Your task:
In the entries below, find the line with "デスクで座ってPCを使いなが" and the line with "Naturalny wisiorek wykonany". Return those two lines and all lines between them, exactly.

Data provided:
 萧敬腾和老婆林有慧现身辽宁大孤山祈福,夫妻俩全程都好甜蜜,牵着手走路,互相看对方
...
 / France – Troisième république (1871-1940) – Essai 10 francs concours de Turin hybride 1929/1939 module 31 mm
--
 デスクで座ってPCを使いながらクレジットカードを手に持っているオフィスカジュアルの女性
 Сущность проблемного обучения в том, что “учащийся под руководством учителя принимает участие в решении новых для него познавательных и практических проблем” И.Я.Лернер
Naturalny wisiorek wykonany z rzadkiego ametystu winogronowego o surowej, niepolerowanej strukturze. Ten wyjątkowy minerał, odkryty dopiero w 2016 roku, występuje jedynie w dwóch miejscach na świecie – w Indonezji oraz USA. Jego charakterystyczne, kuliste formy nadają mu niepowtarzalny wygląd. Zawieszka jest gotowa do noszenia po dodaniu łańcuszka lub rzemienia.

Answer to the problem:
 デスクで座ってPCを使いながらクレジットカードを手に持っているオフィスカジュアルの女性
 Сущность проблемного обучения в том, что “учащийся под руководством учителя принимает участие в решении новых для него познавательных и практических проблем” И.Я.Лернер
Naturalny wisiorek wykonany z rzadkiego ametystu winogronowego o surowej, niepolerowanej strukturze. Ten wyjątkowy minerał, odkryty dopiero w 2016 roku, występuje jedynie w dwóch miejscach na świecie – w Indonezji oraz USA. Jego charakterystyczne, kuliste formy nadają mu niepowtarzalny wygląd. Zawieszka jest gotowa do noszenia po dodaniu łańcuszka lub rzemienia.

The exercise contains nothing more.